NONE of the programs affected by those first-run pauses are cpu-intensive: they all use 25% of my CPU at maximum, and they use 3-4MB of RAM in the worst case. NO CPU usage peaks are related to these pauses! 

I've read about lazy-loading and the LDFLAGS to prevent this feature when compiling a program from it's sources, but even if I use the "-z now" LDFLAGS, there's no differece at all.

Optimizing those programs for executable with the "-Os" flag seems to help somehow (I suppose they get most of the executable code loaded in memory from the begining that way), but some pauses can still be noticed when they run for the first time. Same if I copy the elf files into a ramdisk and run them from there: it helps a bit but there are some pauses the first time I run the programs.

I tried to prelink those executables, too, but there's no difference at all.

I've also tried different cpu and I/O schedulers, but there's no difference at all for this problem.

So, how can I REALLY force a program's executable code to be in memory from the first time it's run?

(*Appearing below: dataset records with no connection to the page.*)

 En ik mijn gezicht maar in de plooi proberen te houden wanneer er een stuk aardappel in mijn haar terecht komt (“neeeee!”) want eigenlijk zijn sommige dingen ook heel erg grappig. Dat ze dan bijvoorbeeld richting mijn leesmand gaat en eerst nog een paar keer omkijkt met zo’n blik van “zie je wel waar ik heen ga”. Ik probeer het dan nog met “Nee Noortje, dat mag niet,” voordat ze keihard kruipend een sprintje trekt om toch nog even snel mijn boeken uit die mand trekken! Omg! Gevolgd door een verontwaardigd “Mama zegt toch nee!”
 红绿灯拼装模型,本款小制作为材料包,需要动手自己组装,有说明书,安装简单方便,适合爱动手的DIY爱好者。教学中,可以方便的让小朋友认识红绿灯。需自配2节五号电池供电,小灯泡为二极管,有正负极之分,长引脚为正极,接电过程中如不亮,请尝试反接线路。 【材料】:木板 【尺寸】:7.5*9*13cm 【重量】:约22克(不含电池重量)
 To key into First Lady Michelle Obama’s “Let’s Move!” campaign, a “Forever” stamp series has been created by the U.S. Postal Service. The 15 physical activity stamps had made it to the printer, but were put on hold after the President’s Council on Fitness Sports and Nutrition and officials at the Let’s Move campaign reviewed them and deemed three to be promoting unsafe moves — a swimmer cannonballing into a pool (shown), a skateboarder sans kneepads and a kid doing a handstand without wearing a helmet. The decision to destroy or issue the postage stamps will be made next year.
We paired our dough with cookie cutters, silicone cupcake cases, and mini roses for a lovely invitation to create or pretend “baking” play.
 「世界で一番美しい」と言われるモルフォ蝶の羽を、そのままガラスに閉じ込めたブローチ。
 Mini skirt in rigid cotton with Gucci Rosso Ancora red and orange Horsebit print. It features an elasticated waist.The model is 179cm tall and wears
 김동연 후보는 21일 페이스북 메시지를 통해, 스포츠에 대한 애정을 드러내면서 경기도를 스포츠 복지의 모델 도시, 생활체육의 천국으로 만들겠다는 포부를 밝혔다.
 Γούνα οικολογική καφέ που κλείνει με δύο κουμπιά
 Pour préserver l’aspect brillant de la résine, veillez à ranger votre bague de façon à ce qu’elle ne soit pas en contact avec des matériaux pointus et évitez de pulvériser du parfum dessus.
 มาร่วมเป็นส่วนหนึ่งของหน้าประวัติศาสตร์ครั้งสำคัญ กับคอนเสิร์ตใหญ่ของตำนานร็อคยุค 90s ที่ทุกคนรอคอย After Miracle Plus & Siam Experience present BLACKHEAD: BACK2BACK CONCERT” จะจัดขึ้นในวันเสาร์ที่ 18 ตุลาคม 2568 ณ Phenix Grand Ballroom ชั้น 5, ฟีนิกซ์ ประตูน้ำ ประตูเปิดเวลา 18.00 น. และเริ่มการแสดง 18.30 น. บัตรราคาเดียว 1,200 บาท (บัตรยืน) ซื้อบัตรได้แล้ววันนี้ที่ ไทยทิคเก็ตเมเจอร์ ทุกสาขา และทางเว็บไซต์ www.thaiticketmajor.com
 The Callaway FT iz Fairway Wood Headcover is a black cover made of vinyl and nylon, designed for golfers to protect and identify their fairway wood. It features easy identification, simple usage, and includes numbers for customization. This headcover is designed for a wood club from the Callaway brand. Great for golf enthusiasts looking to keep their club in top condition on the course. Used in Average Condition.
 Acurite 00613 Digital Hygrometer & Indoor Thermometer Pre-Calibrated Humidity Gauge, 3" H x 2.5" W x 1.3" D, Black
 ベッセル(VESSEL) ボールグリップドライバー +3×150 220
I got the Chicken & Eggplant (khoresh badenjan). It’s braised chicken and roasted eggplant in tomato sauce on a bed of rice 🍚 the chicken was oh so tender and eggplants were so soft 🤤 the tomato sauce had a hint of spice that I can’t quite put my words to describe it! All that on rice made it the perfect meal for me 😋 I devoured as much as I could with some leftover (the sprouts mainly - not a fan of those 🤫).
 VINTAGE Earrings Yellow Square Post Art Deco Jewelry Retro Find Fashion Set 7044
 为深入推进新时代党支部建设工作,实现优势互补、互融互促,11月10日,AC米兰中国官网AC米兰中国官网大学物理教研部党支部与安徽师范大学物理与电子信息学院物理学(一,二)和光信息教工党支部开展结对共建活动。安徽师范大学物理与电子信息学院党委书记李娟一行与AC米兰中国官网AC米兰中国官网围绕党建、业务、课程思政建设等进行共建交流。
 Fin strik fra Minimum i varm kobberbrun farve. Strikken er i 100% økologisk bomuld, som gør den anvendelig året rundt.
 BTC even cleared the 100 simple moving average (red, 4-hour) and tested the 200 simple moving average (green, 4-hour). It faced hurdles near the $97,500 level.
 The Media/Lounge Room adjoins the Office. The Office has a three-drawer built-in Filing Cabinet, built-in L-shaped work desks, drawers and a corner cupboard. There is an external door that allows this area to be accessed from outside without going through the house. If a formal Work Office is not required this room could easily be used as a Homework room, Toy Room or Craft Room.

WHY exactly do programs perform better after running for a while?

thanks  :Smile: 

----------

## NeddySeagoon

VanFanel,

You can't force code to load because linux mmaps pages - they are not loaded into RAM until they are needed and they stay there until the RAM is needed.

In theory, this mmapping means you can execute code that won't fit into RAM all at the same time because a mmaped page thats not needed can be flushed from RAM, then reloaded again when its needed. I say in theory, as this would be very slow.

Note: this is a form of swapping but it does not use your swap file. The swap file is only used for dynamically allocated memory, as it has no location on disk.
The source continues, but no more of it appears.